Director of the Palais Galliera fashion museum, Olivier Saillard has curated the exhibition, which includes 40 outfits alongside a number of accessories, sketches and film footage of the catwalk shows. Those in Paris on a river cruise in Europe attending ‘The Scandal Collection’ can also browse through magazine spreads, such as those by Helmut Newton, and can gain an insight into “the beginning of contemporary fashion history”, as described by Saillard in an article by Women’s Wear Daily.

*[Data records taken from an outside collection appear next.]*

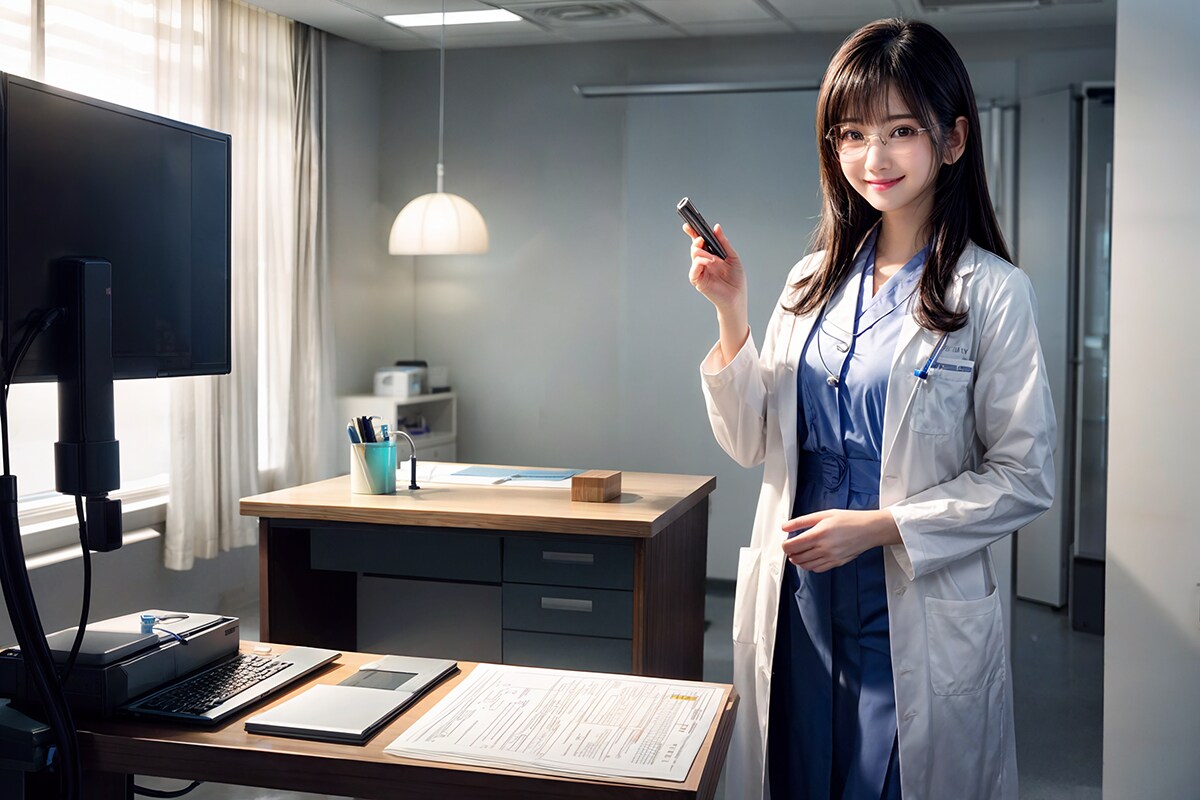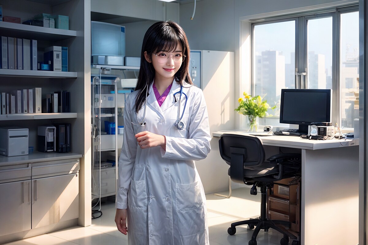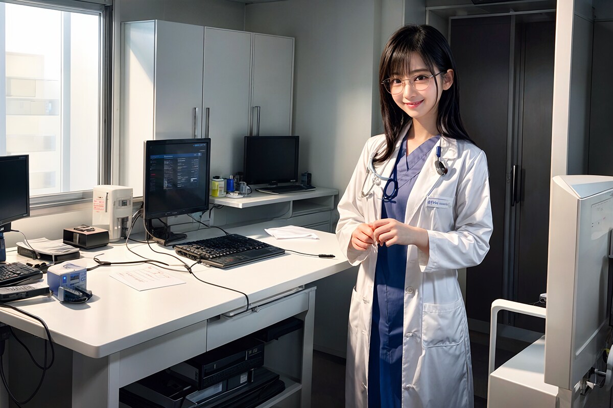 数学教師に引き続きメガネの女医さんですー発想がありきたりですね😅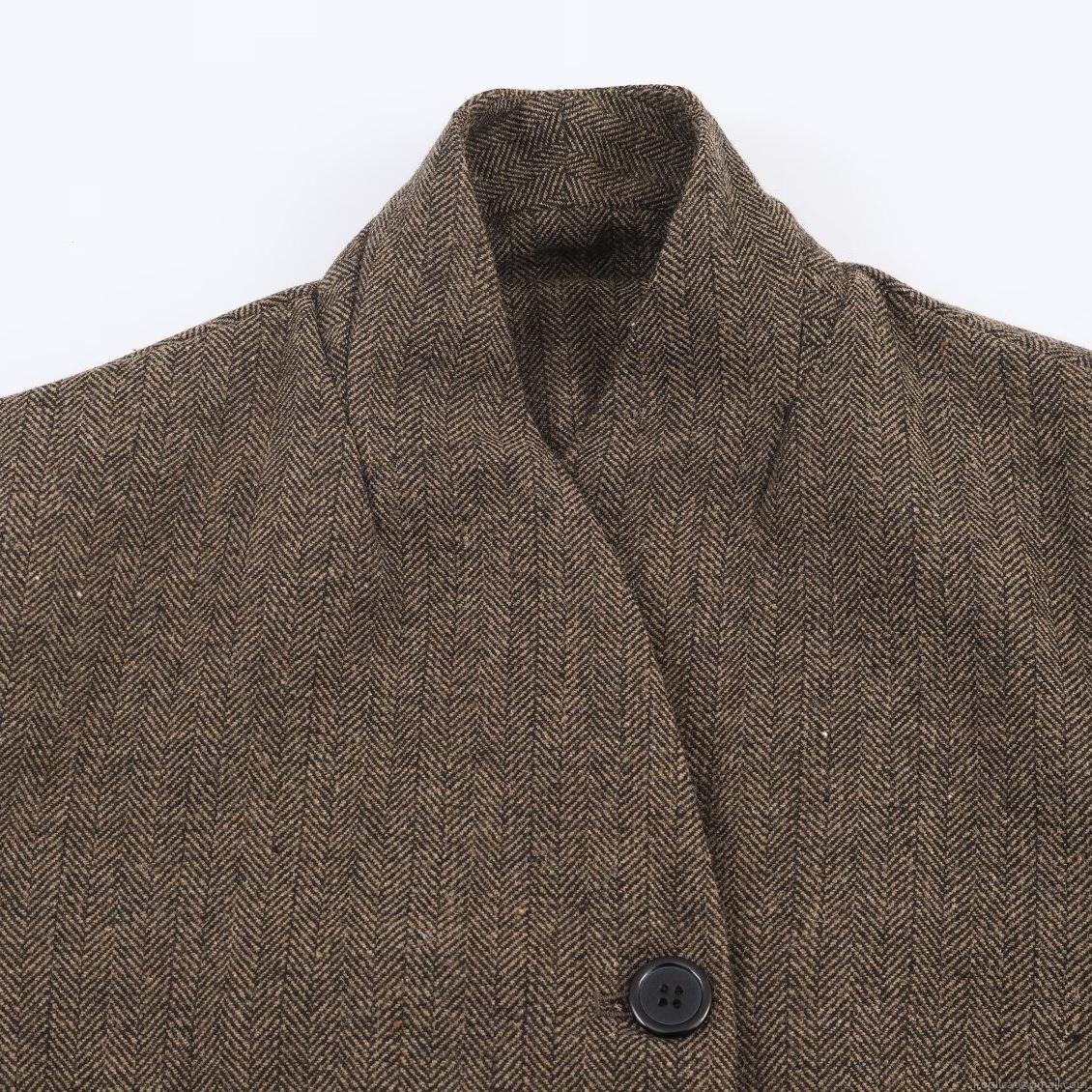 • Women's Herringbone Twill Blazer Jacket Mixed Woolen Fabric Single Breasted Notched Lapel Long Sleeve Loose Fit Coat For Winter Office Commute Elegant Lady Outerwear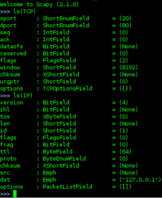 Scapy is ridiculously powerful and is given no justice here, hopefully just enough information to entice you to explore further. With just the principles established here, you can see the likes of options to craft and manipulate with ls(TCP) and ls(IP).

The exhibition is the first to be totally devoted to an entire collectionOriginally featuring 80 styles in total, the collection was shown to a mix of clients and editors at Saint Laurent’s former headquarters, with an aim to make forties fashion appear elegant. Due to its references to a dark period in history during the Nazi Occupation of Paris in World War II, the collection received a backlash from the media with damning headlines such as “Yves Saint Laurent Reviews World War II ‘Floozy Look” and “Saint-Laurent: Truly Hideous”.
Yves Saint Laurent hit back at the press, explaining that the trend was not glamorising the historic era, but instead paying homage to the freedom of the women who lived throughout the war. He was quoted by French Elle stating, “I prefer to shock rather than to bore through repetition,” which is certainly what this collection managed to do, while also being the initial inspiration for street style.